Tuesday 16 June 2009

systems vs system

‘Systems biology’ is an annoyingly waguely-defined area. Its recent history illustrates the self-perpetuating nature of organised science really well. According to Wikipedia,

systems biology refers to a cluster of peripherally overlapping concepts rather than a single well-delineated field. However the term has widespread currency and popularity as of 2007, with chairs and institutes of systems biology proliferating worldwide.

And then:

As of summer 2006, due to a shortage of people in systems biology, several doctoral training centres in systems biology have been established in many parts of the world.

Isn’t it brilliant?
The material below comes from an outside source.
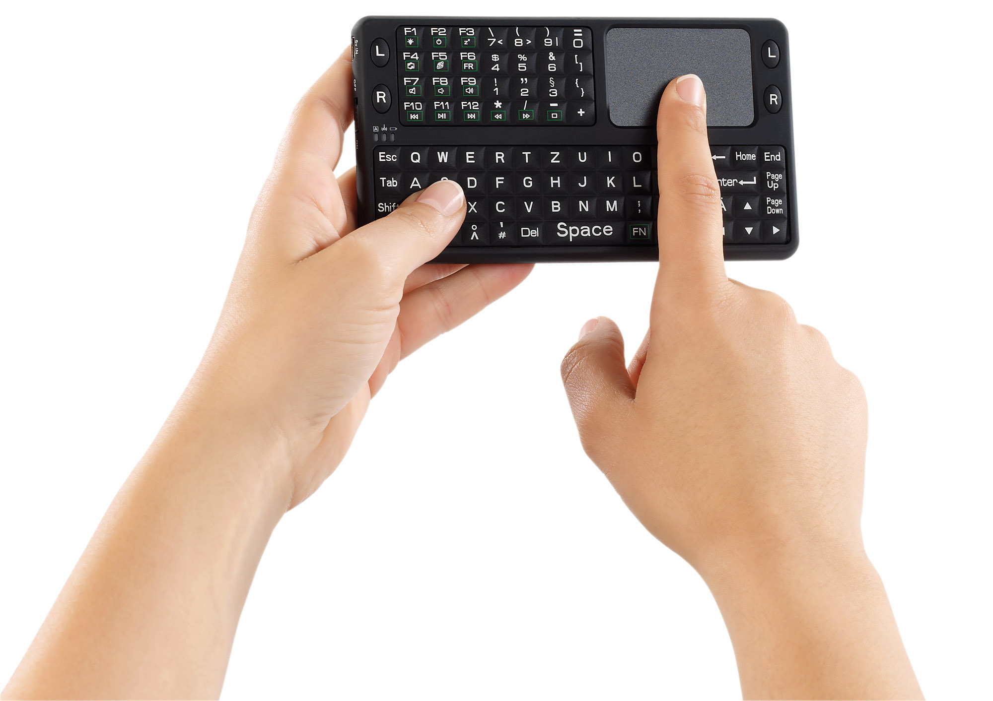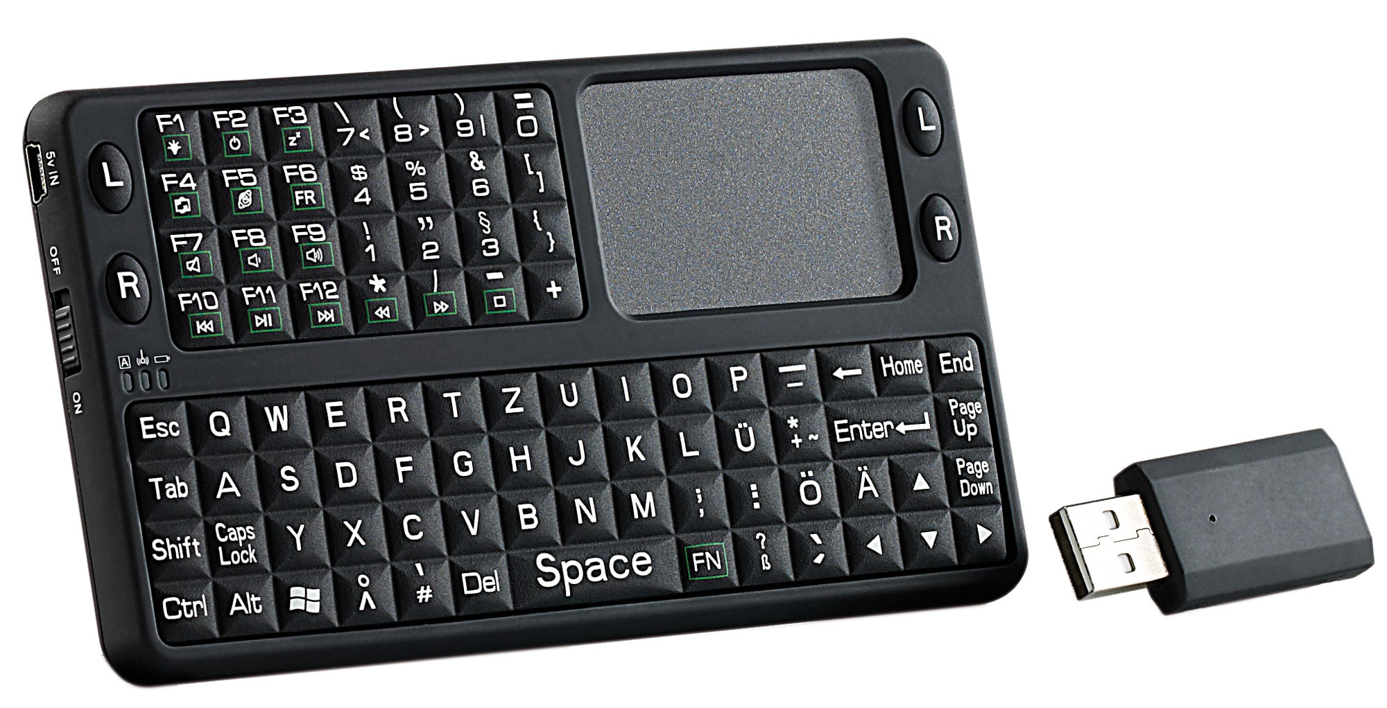 - Kompakte Mini-Tastatur mit Funktionstasten, Ziffernblock und Touchpad

We don’t know what it is exactly but we have a shortage of experts in it already. Why, we don’t even know how to spell it. For instance, this publication from ESF uses both ‘system biology’ and ‘systems biology’. For once, I can’t blame the ‘systems biologists’ (whoever they are) for the confusion: there is a long tradition of using plural, rather than singular, in variety of ‘systems sciences’. J. P. Van Gigch wrote in System Design Modeling and Metamodeling (p. 32):

The reader will note that, in this text, we use the term “system” in singular when it applies to only one theory, one paradigm, one approach, one theory of design as in system theory, system paradigm, system approach, or system design, respectively. By contrast, we still use “systems” in plural, when the term “system” applies to more than one system, as in the expression “hard systems domains”, “soft systems domains”, or in “various systems assumptions”. This notation agrees with that recommended by the so-called father of this discipline, L. von Bertalanffy.

Convinced? I am not, really. The construction (plural qualifier followed by a singular noun) seems ungrammatical. We say “star formation” and “pest control”, even though it is understood that we mean more than one star or pest. What is so special about systems?

Why do we even have to mention the systems? What is a system anyway? In thermodynamics, a system is the region of the universe under study. Thus, by definition, thermodynamics studies systems. I like that definition because it is perfectly applicable to every natural science. Therefore, every natural science studies systems.

Ross Ashby, English pioneer of cybernetics, gave another definition:

A system is a set of variables sufficiently isolated to stay constant long enough for us to discuss it.